Given this clear expression of intent by Congress in the express language of the Bankruptcy Code, we conclude that Congress intended extraterritorial application of the Bankruptcy Code as it applies to property of the estate. Although Hong Kong-Shanghai concedes this point, it questions whether such an extraterritorial application may operate to enjoin a foreign proceeding. As a matter of general principle, protection of in rem or quasi in rem jurisdiction is a sufficient basis for a court to restrain another court's proceedings. Donovan v. City of Dallas, 377 U.S. 408, 412 (1964). In such cases, "the state or federal court having custody of such property has exclusive jurisdiction to proceed." Id. This rationale extends to foreign proceedings. See Seattle Totems Hockey Club v. National Hockey League, 652 F.2d 852, 855 (9th Cir. 1981); see also Gau Shan Co. v. Bankers Trust Co., 956 F.2d 1349, 1356 (6th Cir. 1992); China Trade Develop. Corp., v. M.V. Choong Yong, 837 F.2d 33, 36 (2d Cir. 1987).
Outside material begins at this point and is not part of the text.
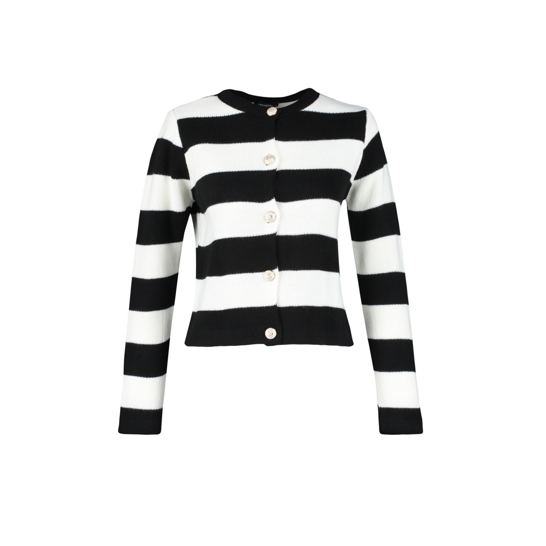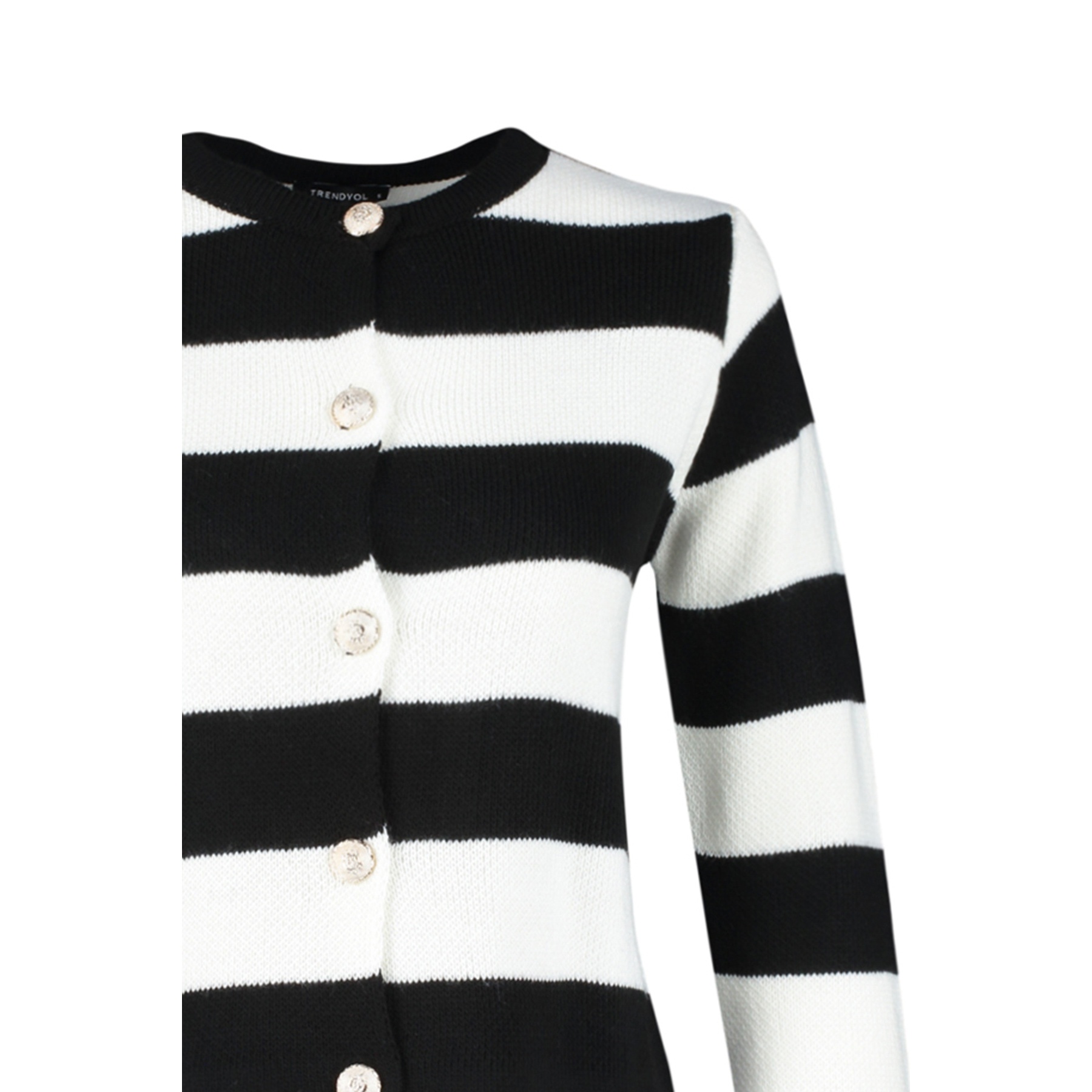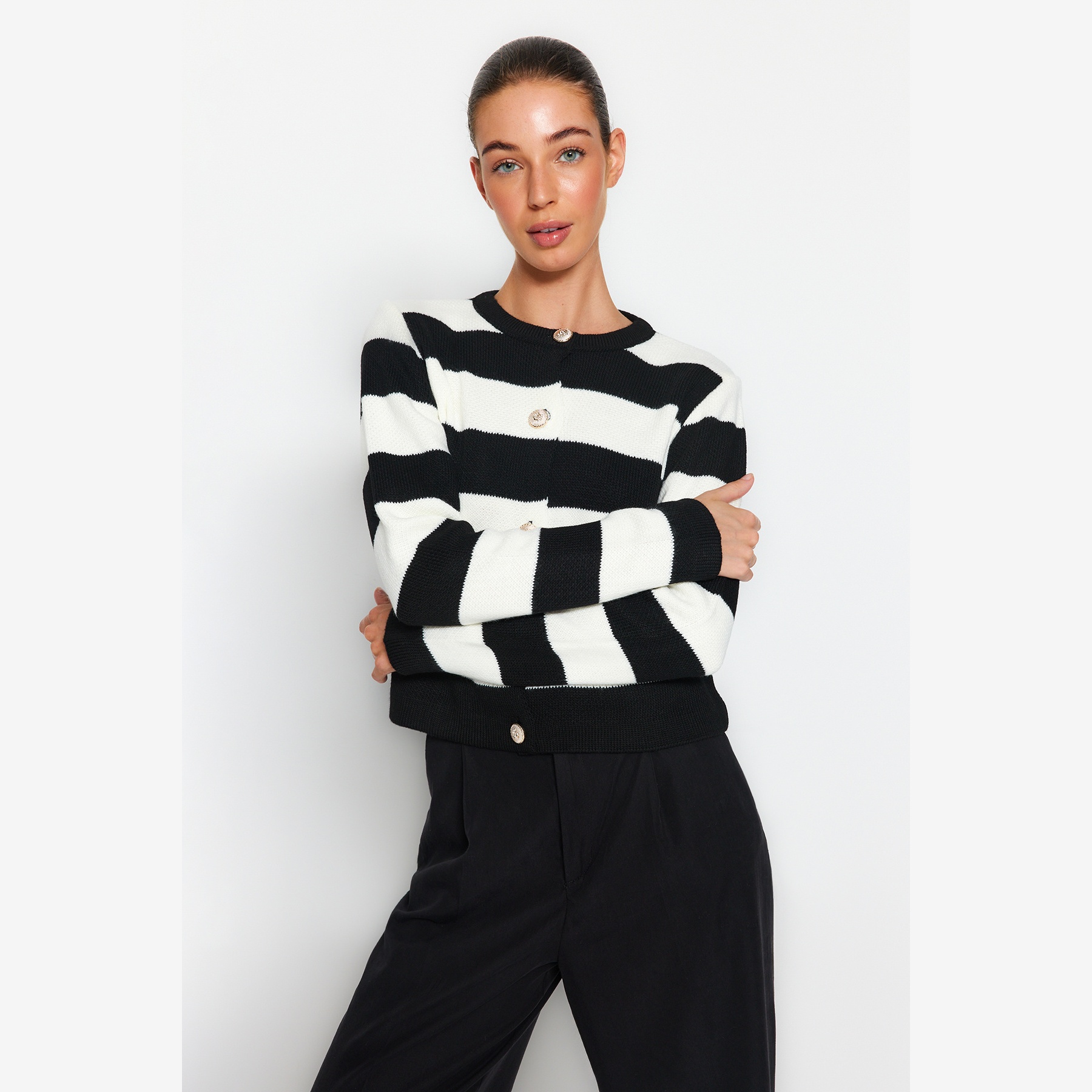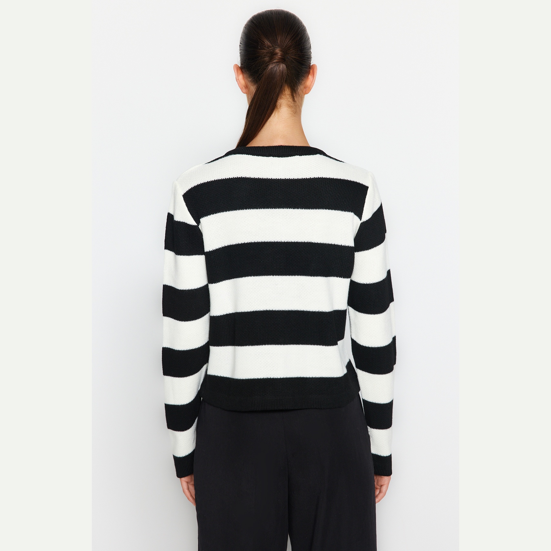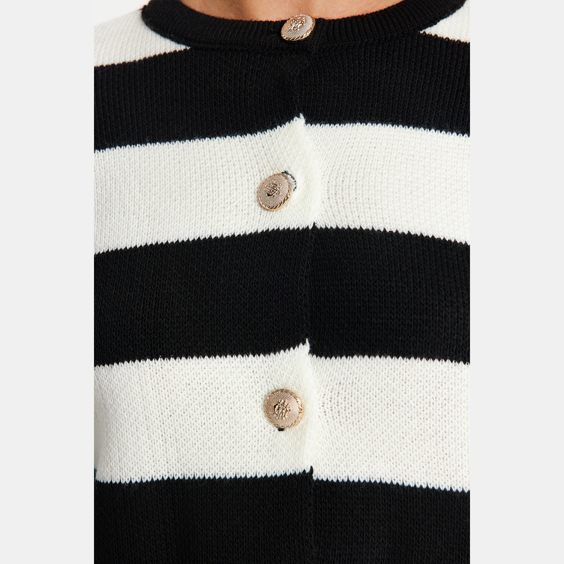 كارديغان نسائي – إكرو مخطط بتصميم يشبه الجاكيت (أسلوب كلاسيكي بلمسة عصرية)

In the bankruptcy context, the Seventh Circuit has expressly held that protection of the bankruptcy court's in rem jurisdiction over estate property allows an international proceeding to be enjoined pursuant to the automatic stay in 11 U.S.C. § 362. Underwood, 98 F.3d at 961. As Chief Judge Posner explained: "The efficacy of the bankruptcy proceeding depends on the court's ability to control and marshal the assets of the debtor wherever located . . . ." Id.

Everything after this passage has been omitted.